Celotex Corp. v. Catrett, 477 U.S. 317, 322 (1986) (citing Fed. R. Civ. P. 56(c)). A dispute is genuine if
“the evidence is such that a reasonable jury could return a verdict for the nonmoving party,” while a
fact is material if it “might affect the outcome of the suit under governing law.” Anderson v. Liberty
Lobby, Inc., 477 U.S. 242, 248 (1986). In determining whether there exists a genuine dispute as to a
material fact, the Court is “required to resolve all ambiguities and draw all permissible factual
inferences in favor of the party against whom summary judgment is sought.” Johnson v. Killian, 680
F.3d 234, 236 (2d Cir. 2012) (citing Terry v. Ashcroft, 336 F.3d 128, 137 (2d Cir. 2003)).
To defeat a motion for summary judgment, the plaintiff “must come forward with ‘specific
facts showing that there is a genuine issue for trial.’” Matsushita Elec. Indus. Co., Ltd. v. Zenith Radio
Corp., 475 U.S. 574, 587 (1986) (quoting Fed. R. Civ. P. 56(e)). “[M]ere speculation or conjecture as
to the true nature of the facts” will not suffice. Hicks v. Baines, 593 F.3d 159, 166 (2d Cir. 2010)

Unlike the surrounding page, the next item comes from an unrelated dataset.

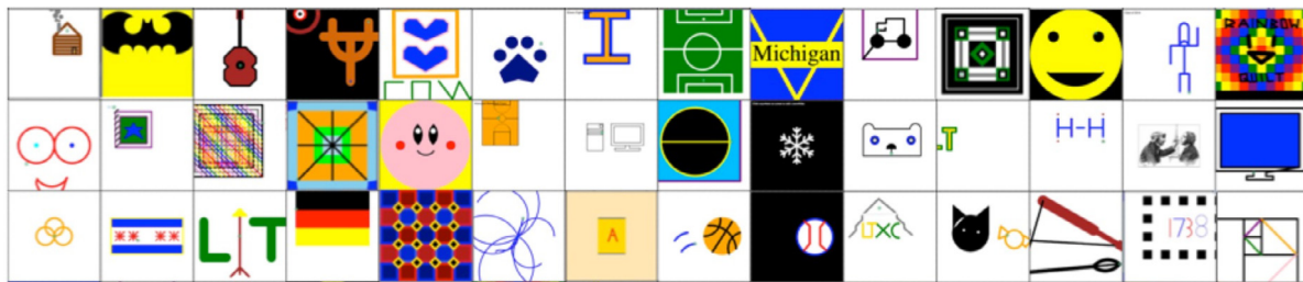
Fig. 3. A portion of the class quilt web page comprised of patches written by students.

projects submitted in the two settings, online resources shaped the assignment both in terms of the content of the projects themselves and in how students shared and discussed their work. For example, one student in the CT4G class decided to make her final project a recreation of her favorite Justin Bieber Song, “Baby”, by writing a program to animate the chorus of the song, which used iterative logic to move through various pictures of babies pulled from the Internet and culminated in a picture of Justin Bieber and a sign saying “You’re Welcome” (Fig. 2A). When the class was given a chance to share their work at the end of the last day of the Pencil Code unit, this student eagerly volunteered to present her project, getting the class to join in and sing along with her and her program.

(citations and internal quotations omitted). Nor will wholly implausible alleged facts or bald
assertions that are unsupported by evidence. See Carey v. Crescenzi, 923 F.2d 18, 21 (2d Cir. 1991);
Argus Inc. v. Eastman Kodak Co., 801 F.2d 38, 45 (2d Cir. 1986) (citing Matsushita, 475 U.S. at 585-86).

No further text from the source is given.